Eight months went by, though, and Houlihan noticed that the company had done nothing to remedy the issue. So he created a (now-defunct) Pastebin page and contacted high-profile security writer Brian Krebs, who published a post about the breach on his blog, KrebsOnSecurity, on Monday.

Krebs’ widely-circulated post brought such attention to the matter that it compelled Panera to act. By Monday afternoon, Panera took its website offline and claimed to fix the botched functionality, issuing a statement alleging that “it takes data security very seriously.” The statement tiptoed around the fact that Panera had apparently been aware of the vulnerability for months.

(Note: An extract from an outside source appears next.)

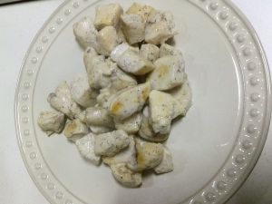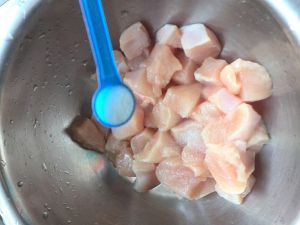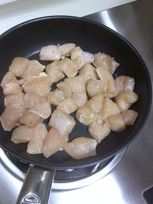 鸡胸肉洗净,去掉筋膜,切成小块,用适量的盐、少许的现磨黑胡椒拌匀,腌渍一小时以上;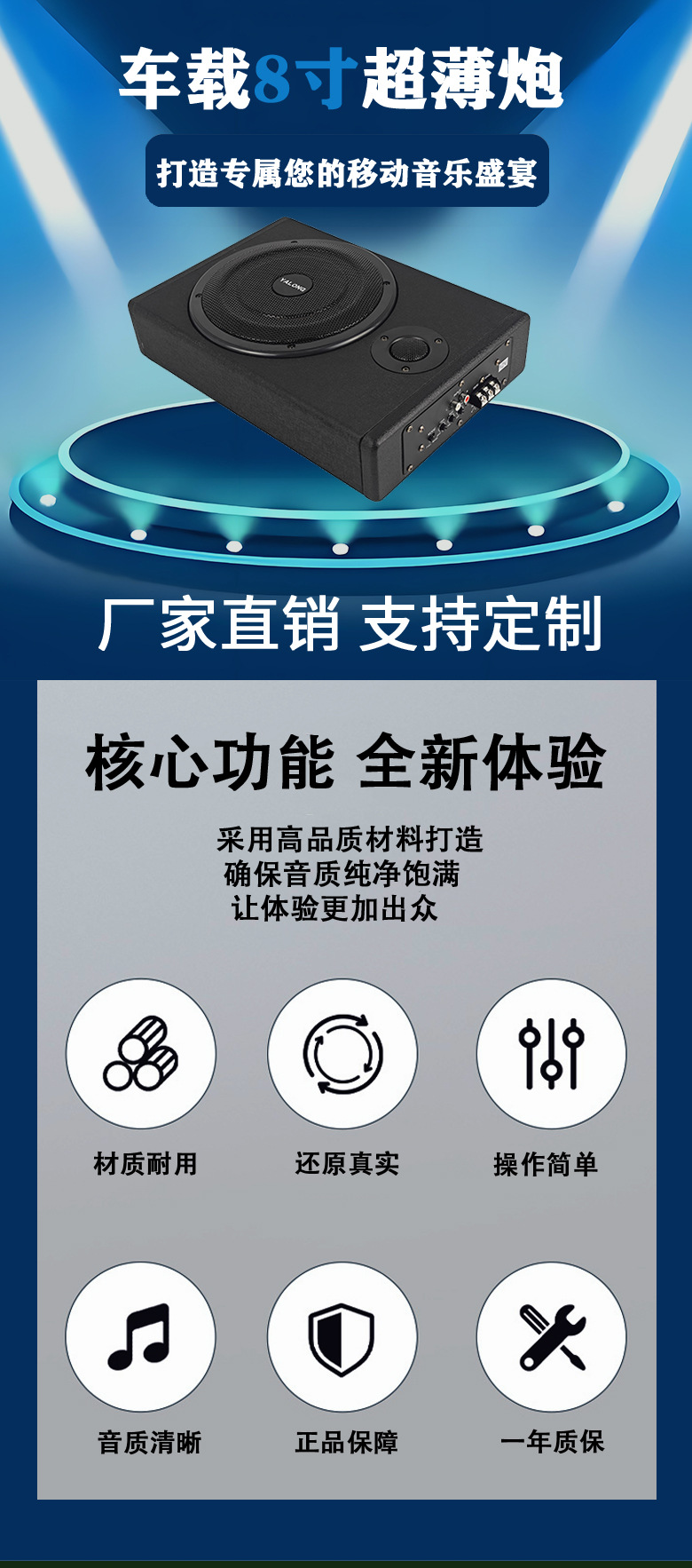 트레블 10 인치 자동차 초박형 총 크기 사용자 정의 12V 는 자동차 의자 활성 8 인치 자동차 서브 우퍼 아래에 놓을 수 있습니다.스토어 가기

As Krebs noted, though, the “fix” was more of a band-aid, simply requiring a login to view the page where the data was still accessible. Krebs was able to find this same vulnerability at different endpoints on the site—catering.panerabread.com, for example—that hadn’t been addressed at all.

The company later told Fox News that the breach affected “fewer than 10,000 customers”, much to the chagrin of Krebs, who estimated—per documents from Information Security firm Hold Security—that the figure may be closer to 37 million.

Panera and Gustavison have yet to respond to request for comment from MUNCHIES on Tuesday regarding the scope of the apparent leak, why it took the company so long to address this vulnerability, and how the company plans to assist affected customers.

Within his Medium post, Houlihan, who did not respond to immediate request for comment on Tuesday from MUNCHIES, expressed frustration over press reports that were regurgitating Panera party line uncritically.

“I’m not going to stand for reporting that sweeps all of this under the rug,” he wrote. “While Panera Bread’s website remains down due to several specific examples demonstrating the “resolution” didn’t resolve anything, news reports are not updating this fact.”

Krebs, meanwhile, is suspicious of anything the company has to say about the breach.

“I’m afraid I have no idea,” Krebs wrote MUNCHIES over email on Tuesday when asked whether he knows if Panera has fixed the issues he identified. “I think they’re the only ones who can answer that, and my guess is they won’t.”